I've been working on a combat mechanic for some time now and have ended up scrapping what I've come up with (I think, maybe it will resurface again).
I wanted to pose my initial thought experiment and see if any of you have helpful ideas to see if life can be breathed back into this mechanic.
For context – the game is a dudes on a map type game in the same genre as Nexus Ops, Kemet, Blood Rage, Forbidden Stars, Scythe, etc.
The combat mechanism needed to be both interesting on its own, but also not crowd out the game.
The specific thought experiment – design challenge I presented with myself was to design a dice based combat system that does not have a swingy randomness inherent in such systems. Most modern dice combat designs do this by giving additional powers to change die rolls (Forbidden Stars). Or not have a “miss” side to a die – so all sides have some positive outcome – but it might not be the exact positive outcome you wanted (block vs hit).
The solution I came up with was a dice-drafting combat system – players in combat roll a communal pool of die then go back and forth taking a die from the pool.

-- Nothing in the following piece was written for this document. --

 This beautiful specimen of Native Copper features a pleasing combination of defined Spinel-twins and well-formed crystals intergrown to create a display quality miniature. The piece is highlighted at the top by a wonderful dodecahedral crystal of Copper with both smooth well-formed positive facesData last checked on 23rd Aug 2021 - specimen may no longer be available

The main issue with this mechanic on its own is it’s too deterministic. Players can more or less math out what they need and know from assessing the communal pool what the outcome will be- the actual drafting doesn’t give much meaningful play.
I came out with a workable system to mitigate that determinism – but I’m just curious what your minds will come up with given the task to create a dice-drafting combat mechanism?

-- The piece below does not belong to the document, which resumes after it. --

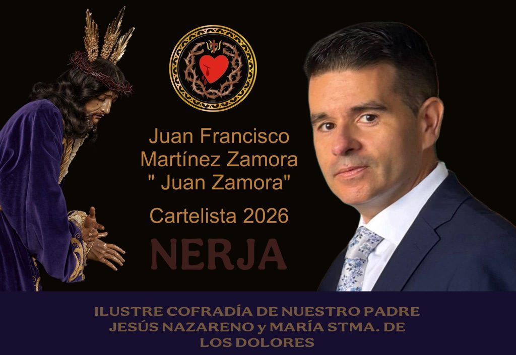La Junta de Gobierno de la Ilustre y Venerable Cofradía de Nuestro Padre Jesús Nazareno, María Santísima de los Dolores, Santo Entierro y María Santísima de la Esperanza de la localidad malagueña de Nerja ha designado a D. JUAN FRANCISCO MARTÍNEZ ZAMORA, “JUAN ZAMORA” como autor del Cartel anunciador de los Desfiles Procesionales de la Semana Santa del próximo año 2026 (que a la vez será el motivo de la siguiente Estación del Vía Crucis que esta Cofradía está realizando año tras año).

posting these questions are hard - because as some of you alluded to, you kind of need to know the whole game in order to properly answer the question, and I’d rather not write a full blown designer diary. I suppose a better way would be to phrase the question generally “If you were to design a combat system based on dice drafting- how would you do it?” I had hit a wall tackling this design challenge and was hoping to get fresh insight.
At any rate I’ve found my answer to lie in 2 aspects- playing cards from the hand, as has been suggested- but more importantly adding a resource of sorts to the battle that allows you to boost a die you draft. You can spend all the resource now and draft a very strong die, but your opponent might be able to counter, or you can evenly scatter the resource across the die. This adds just enough “unknown” into the system. How much will your opponent commit to his next die draft?